In conclusion, peptides patterned after the autoinhibitory XY linker are cell-permeable, effective and selective PLCβ inhibitors with in vivo anti-inflammatory and antinociceptive activity. PL2003 partially inhibited PLCβ enzymatic activity and BK-induced TRPV1 sensitization, being an optimal pharmacological tool for in vitro study of PLCβ-dependent processes. PL2204 also showed PLCβ inhibitory activity, and its enhanced solubility in saline enables its potential use for therapeutic application. Indeed, local administration of PL2204 prevented inflammation and hypersensitivity in a mouse model of inflammatory pain. Our peptides provide a framework for understanding the role of PLCβ in cellular and pathophysiological processes through the modulation of PLCβ isoforms, considered until now undruggable targets.

Author contributions

J.A.L. executed and analyzed in silico experiments; designed, performed and analyzed functional validation cell-based assays, cell-penetration assessments, and surface plasmon resonance assays; conducted and analyzed behavioral assays, and wrote the manuscript. D.C. designed, conducted and analyzed behavioral assays, cell-penetration assessments and surface plasmon resonance assays, and wrote the manuscript. I.D. supervised the experiments, conceptualized the project and revised the manuscript. G.F.B. designed and supervised in silico experiments, and revised the manuscript. N.G. and S.S. designed and supervised PIP₂ imaging assays, and revised the manuscript, M.A.B. and R.G.M. synthesized peptides and revised the manuscript. A.F.C. conceptualized the project, provided funding and revised the manuscript. A.F.M. supervised and designed experiments, conceptualized the project, provided funding and wrote the manuscript.

Funding

Financial support of the Spanish Ministry of Science, Innovation and Universities [PID2021–126423OB-C21 to A.F.C. and A.F.M. and C22 to R.G.M.] and from Generalitat Valenciana [GVA-PROMETEO/2021/031] was granted to A.F.M. J.A.L. was a recipient of an FPI fellowship from the Spanish Ministry of Science, Innovation and Universities [PRE2019–091317]. Work in N.G. laboratory was supported by the Wellcome Trust Investigator Award 212302/Z/18/Z and BBSRC Project Grant BB/V010344/1.

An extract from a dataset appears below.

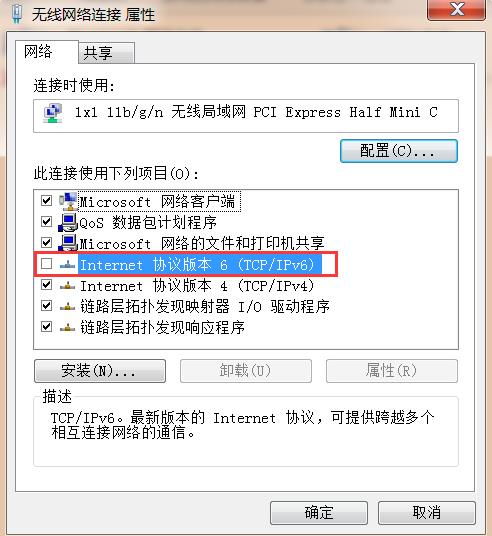 步骤五:在:“此连接使用下列项目”中把“internet协议(TCP/IPV6)”前面的“对号”去掉

CRediT authorship contribution statement

Jorge de Andrés-López: Writing – original draft, Visualization, Methodology, Investigation, Formal analysis. David Cabañero: Writing – original draft, Visualization, Methodology, Investigation, Formal analysis. Isabel Devesa: Writing – review & editing, Supervision, Conceptualization. Shihab Shah: Writing – review & editing, Supervision, Methodology. Gregorio Fernández-Ballester: Writing – review & editing, Supervision, Software, Methodology. Nikita Gamper: Writing – review & editing, Supervision, Resources, Funding acquisition. Mª Ángeles Bonache: Writing – review & editing, Resources. Rosario González-Muñiz: Writing – review & editing, Resources, Funding acquisition. Asia Fernández-Carvajal: Writing – review & editing, Supervision, Funding acquisition, Conceptualization. Antonio Ferrer-Montiel: Writing – original draft, Supervision, Funding acquisition, Conceptualization.

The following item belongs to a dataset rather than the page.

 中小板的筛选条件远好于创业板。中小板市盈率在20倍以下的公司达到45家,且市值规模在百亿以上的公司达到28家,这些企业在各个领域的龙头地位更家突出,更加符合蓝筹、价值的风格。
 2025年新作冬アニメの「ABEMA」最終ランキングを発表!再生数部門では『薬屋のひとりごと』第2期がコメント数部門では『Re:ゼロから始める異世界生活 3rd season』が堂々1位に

Declaration of Competing Interest

The authors declare the following financial interests/personal relationships which may be considered as potential competing interests: Jorge de Andrés-López has patent #WO2025132812A1 issued to ANTALGENICS, S.L. Isabel Devesa has patent #WO2025132812A1 issued to ANTALGENICS, S.L. Gregorio Fernández-Ballester has patent #WO2025132812A1 issued to ANTALGENICS, S.L. Antonio Ferrer-Montiel has patent #WO2025132812A1 issued to ANTALGENICS, S.L. If there are other authors, they declare that they have no known competing financial interests or personal relationships that could have appeared to influence the work reported in this paper.

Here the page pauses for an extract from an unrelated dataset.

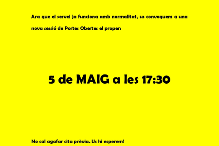 Ara que el servei ja funciona amb normalitat, us convoquem a una nova sessió de Portes Obertes el proper:

Appendix A. Supplementary material

Supplementary Tables and Figures

5-FAM-PL2003_HPLC

5-FAM-PL2204_HPLC

PL2003_Z-stack_video

PLCdelta-PH-GFP_translocation_PL2003

PLCdelta-PH-GFP_translocation_PL2204

PLCdelta-PH-GFP_translocation_U73122

PLCdelta-PH-GFP_translocation_vehicle

Data availability

Raw data, source data and results of statistical analysis are deposited in Mendeley Data (doi: 10.17632/tjdg3svyd4.1).